Justice & Affaires intérieures

« Le système de Dublin est mort à petit feu car nous ne l’avons pas réformé à temps »

Les États membres qui refusent de participer au système européen d’asile devraient être exclus de l’espace Schengen, car ces deux problématiques sont liées, estime l’eurodéputée Ska Keller. Une interview d’EurActiv Allemagne.

Ska Keller est une eurodéputée allemande du groupe Alliance ‘90/Les Verts. Elle est spécialisée dans les questions d’immigration et de relations UE-Turquie.

Alexander Gauland, du parti AfD (Alternative pour l’Allemagne) a qualifié la crise des réfugiés de cadeau pour son parti. Pourquoi les partis de droite allemands et européens ont-ils tellement profité de cette crise ?
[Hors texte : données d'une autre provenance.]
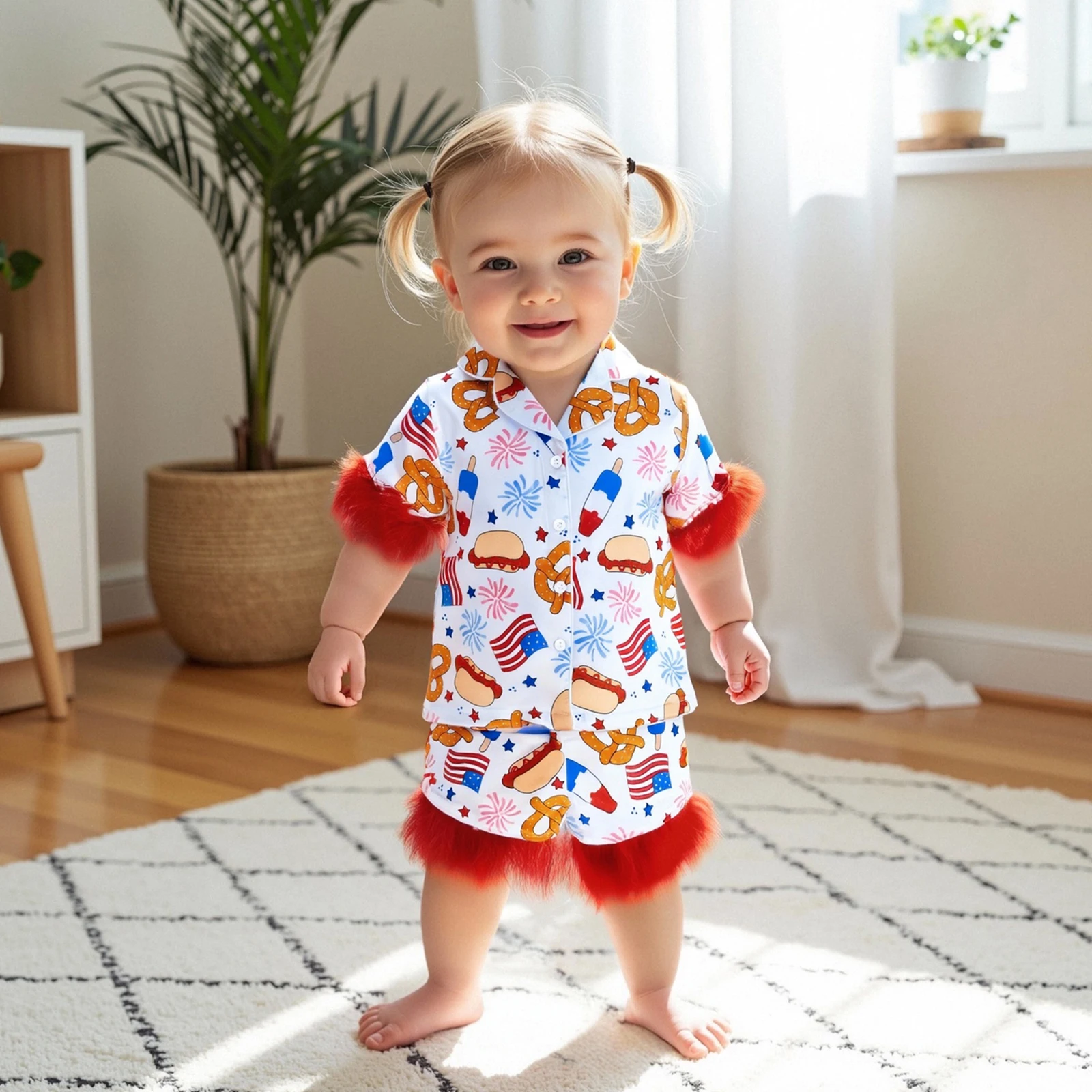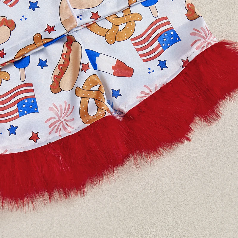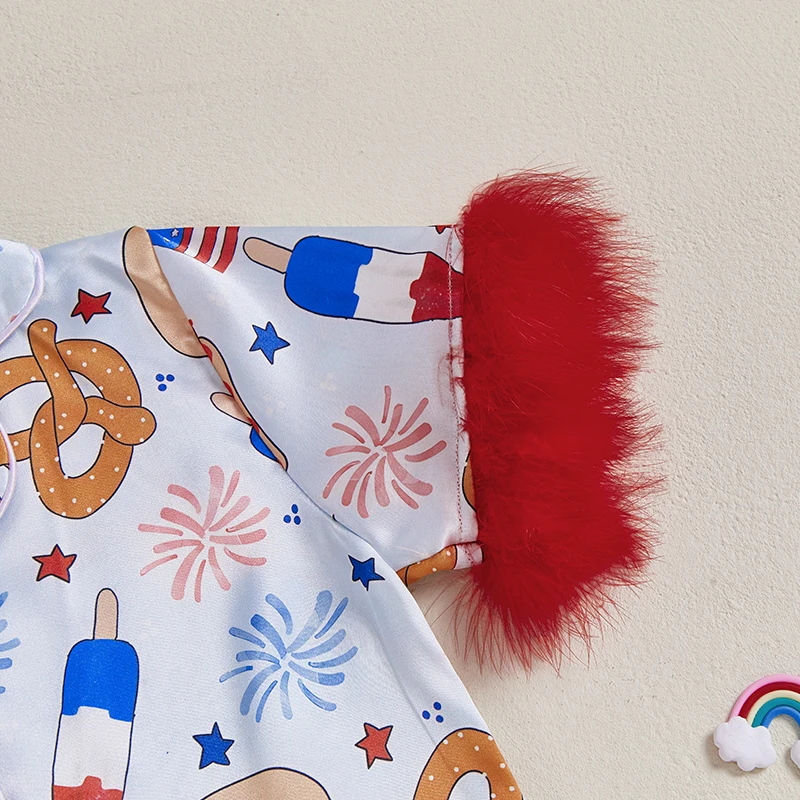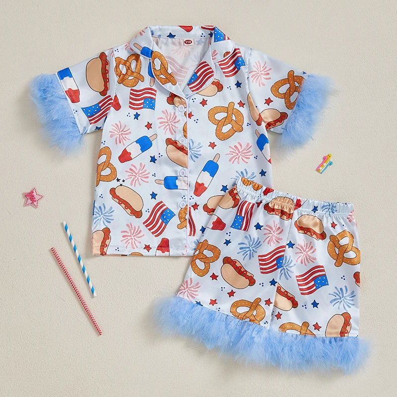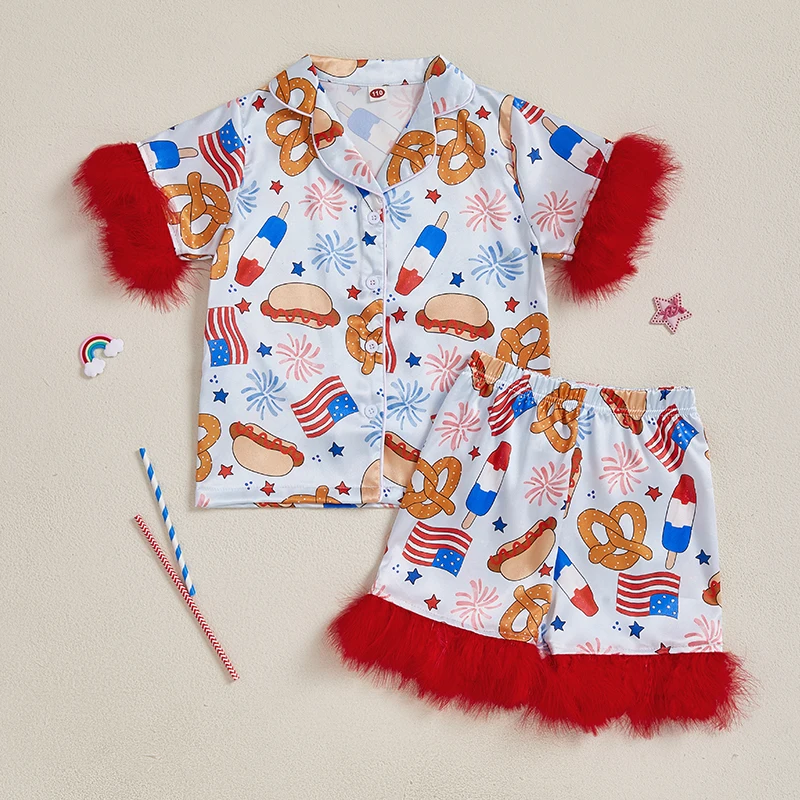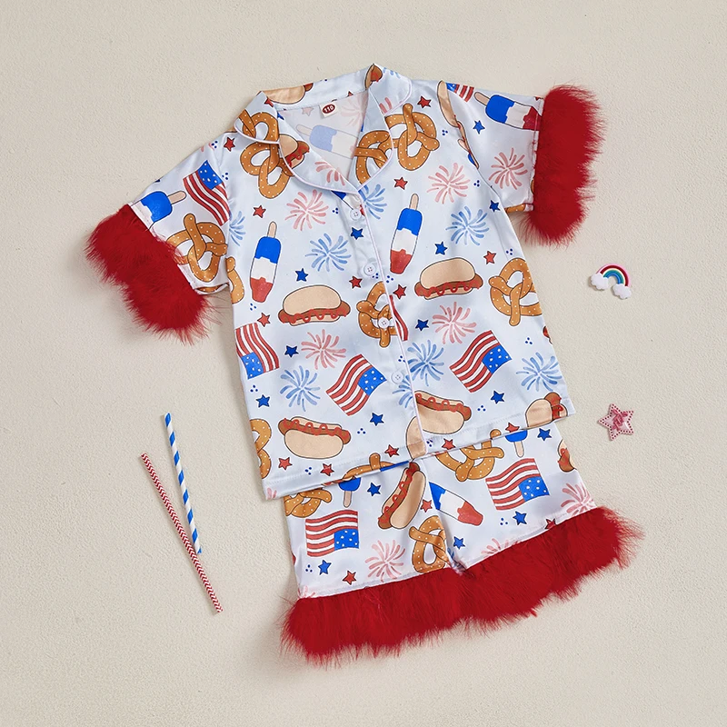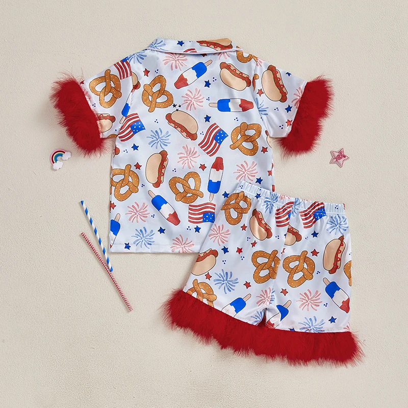 Girl 4th of July Pajama Set Popsicle Burger Fuzzy Trim Short Sleeve Button-up Tops Elastic Waist Shorts 2 Piece Sleepwear Outfit

Il n’y a pas de réponse simple à cette question. Le fait que les partis de centre droit identifient les réfugiés comme source de problèmes a évidemment joué un rôle, parce que cette logique a légitimité les positions des formations d’extrême droite. Prenez l’exemple de la Slovaquie, par exemple, où le Premier ministre, Robert Fico, a assuré que les musulmans ne pouvaient pas être intégrés dans nos sociétés.

>> Lire : Pourquoi la Slovaquie poursuit l’UE sur le système des quotas

Au final, les gens n’ont pas voté pour lui et se sont tournés encore plus à droite. Le problème n’est pas le nombre de réfugiés, mais la manière dont la société voit la crise. On voit que les partis d’extrême droite ont souvent beaucoup de succès dans les zones où il y a peu d’étrangers. La manière dont nous communiquons sur ces sujets et donc encore plus importante.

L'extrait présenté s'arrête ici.